WHAT YOU HAVE TO DO: Could you output each line below exactly as it appears, excluding any pictures?

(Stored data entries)

----

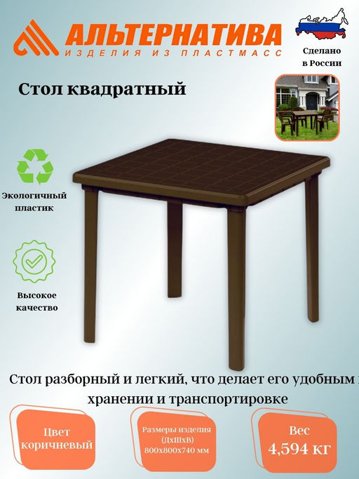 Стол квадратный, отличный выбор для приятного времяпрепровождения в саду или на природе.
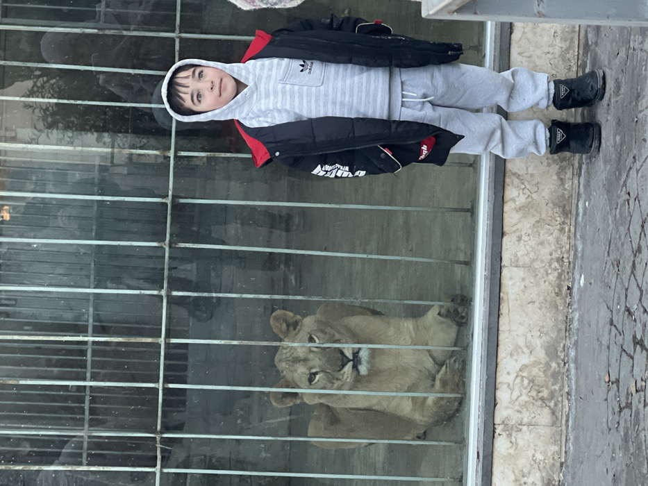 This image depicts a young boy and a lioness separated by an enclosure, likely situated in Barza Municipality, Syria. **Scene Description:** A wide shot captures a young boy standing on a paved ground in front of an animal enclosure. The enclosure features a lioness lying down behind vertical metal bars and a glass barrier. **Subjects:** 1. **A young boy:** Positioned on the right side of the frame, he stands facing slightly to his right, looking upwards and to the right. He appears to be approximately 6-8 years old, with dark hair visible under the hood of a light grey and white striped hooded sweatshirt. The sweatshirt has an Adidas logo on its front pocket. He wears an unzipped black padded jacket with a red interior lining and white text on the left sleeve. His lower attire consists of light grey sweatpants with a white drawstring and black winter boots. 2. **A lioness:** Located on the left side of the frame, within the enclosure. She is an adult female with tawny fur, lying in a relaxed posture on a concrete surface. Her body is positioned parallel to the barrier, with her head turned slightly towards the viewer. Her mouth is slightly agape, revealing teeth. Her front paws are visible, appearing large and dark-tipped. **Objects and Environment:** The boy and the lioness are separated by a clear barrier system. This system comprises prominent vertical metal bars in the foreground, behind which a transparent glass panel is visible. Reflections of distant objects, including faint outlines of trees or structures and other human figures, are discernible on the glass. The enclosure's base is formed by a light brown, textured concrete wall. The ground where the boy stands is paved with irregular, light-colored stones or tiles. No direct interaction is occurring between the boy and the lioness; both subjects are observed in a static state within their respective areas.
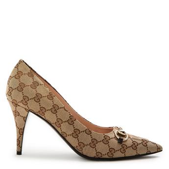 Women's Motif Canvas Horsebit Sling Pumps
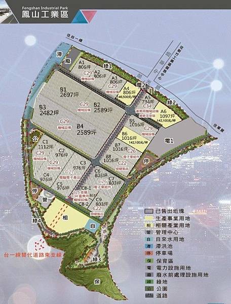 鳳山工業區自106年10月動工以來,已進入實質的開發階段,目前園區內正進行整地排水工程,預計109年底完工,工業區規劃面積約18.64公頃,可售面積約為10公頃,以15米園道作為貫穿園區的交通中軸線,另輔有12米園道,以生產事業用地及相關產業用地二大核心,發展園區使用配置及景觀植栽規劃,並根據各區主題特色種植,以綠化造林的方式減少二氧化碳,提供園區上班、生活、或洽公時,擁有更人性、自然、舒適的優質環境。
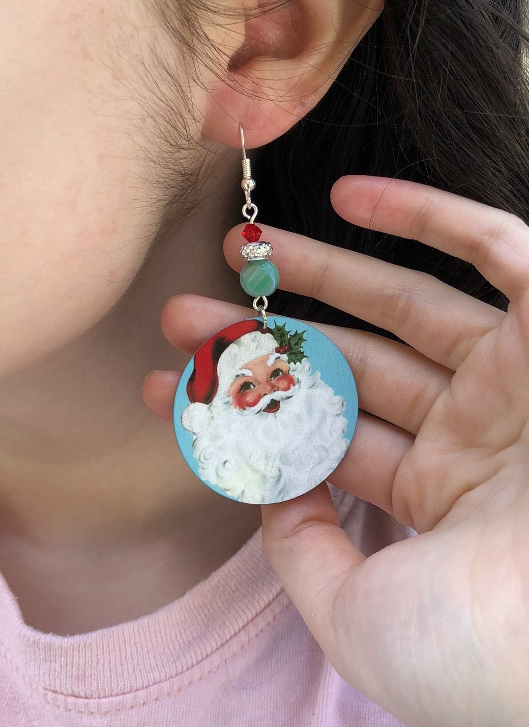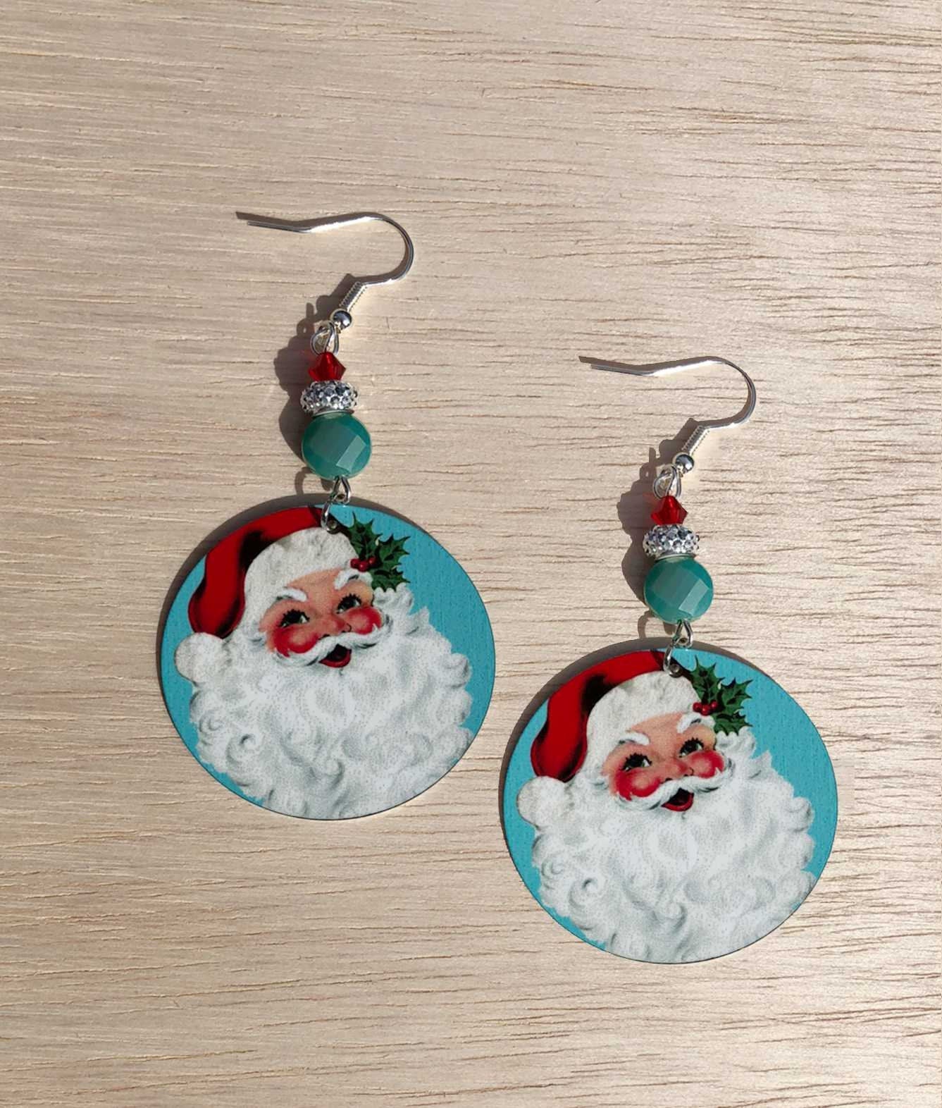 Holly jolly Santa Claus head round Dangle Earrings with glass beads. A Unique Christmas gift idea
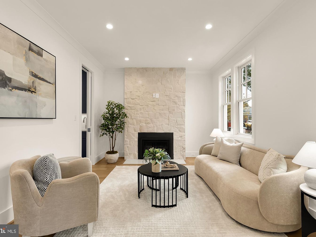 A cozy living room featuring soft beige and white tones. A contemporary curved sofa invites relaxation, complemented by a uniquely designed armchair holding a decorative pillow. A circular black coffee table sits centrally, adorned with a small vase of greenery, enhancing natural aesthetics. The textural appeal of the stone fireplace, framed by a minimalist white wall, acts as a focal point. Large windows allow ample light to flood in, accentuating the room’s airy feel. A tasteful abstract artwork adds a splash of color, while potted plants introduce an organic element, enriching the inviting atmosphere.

----

OUTPUT OF THE TASK:
 Стол квадратный, отличный выбор для приятного времяпрепровождения в саду или на природе.
 This image depicts a young boy and a lioness separated by an enclosure, likely situated in Barza Municipality, Syria. **Scene Description:** A wide shot captures a young boy standing on a paved ground in front of an animal enclosure. The enclosure features a lioness lying down behind vertical metal bars and a glass barrier. **Subjects:** 1. **A young boy:** Positioned on the right side of the frame, he stands facing slightly to his right, looking upwards and to the right. He appears to be approximately 6-8 years old, with dark hair visible under the hood of a light grey and white striped hooded sweatshirt. The sweatshirt has an Adidas logo on its front pocket. He wears an unzipped black padded jacket with a red interior lining and white text on the left sleeve. His lower attire consists of light grey sweatpants with a white drawstring and black winter boots. 2. **A lioness:** Located on the left side of the frame, within the enclosure. She is an adult female with tawny fur, lying in a relaxed posture on a concrete surface. Her body is positioned parallel to the barrier, with her head turned slightly towards the viewer. Her mouth is slightly agape, revealing teeth. Her front paws are visible, appearing large and dark-tipped. **Objects and Environment:** The boy and the lioness are separated by a clear barrier system. This system comprises prominent vertical metal bars in the foreground, behind which a transparent glass panel is visible. Reflections of distant objects, including faint outlines of trees or structures and other human figures, are discernible on the glass. The enclosure's base is formed by a light brown, textured concrete wall. The ground where the boy stands is paved with irregular, light-colored stones or tiles. No direct interaction is occurring between the boy and the lioness; both subjects are observed in a static state within their respective areas.
 Women's Motif Canvas Horsebit Sling Pumps
 鳳山工業區自106年10月動工以來,已進入實質的開發階段,目前園區內正進行整地排水工程,預計109年底完工,工業區規劃面積約18.64公頃,可售面積約為10公頃,以15米園道作為貫穿園區的交通中軸線,另輔有12米園道,以生產事業用地及相關產業用地二大核心,發展園區使用配置及景觀植栽規劃,並根據各區主題特色種植,以綠化造林的方式減少二氧化碳,提供園區上班、生活、或洽公時,擁有更人性、自然、舒適的優質環境。
 Holly jolly Santa Claus head round Dangle Earrings with glass beads. A Unique Christmas gift idea
 A cozy living room featuring soft beige and white tones. A contemporary curved sofa invites relaxation, complemented by a uniquely designed armchair holding a decorative pillow. A circular black coffee table sits centrally, adorned with a small vase of greenery, enhancing natural aesthetics. The textural appeal of the stone fireplace, framed by a minimalist white wall, acts as a focal point. Large windows allow ample light to flood in, accentuating the room’s airy feel. A tasteful abstract artwork adds a splash of color, while potted plants introduce an organic element, enriching the inviting atmosphere.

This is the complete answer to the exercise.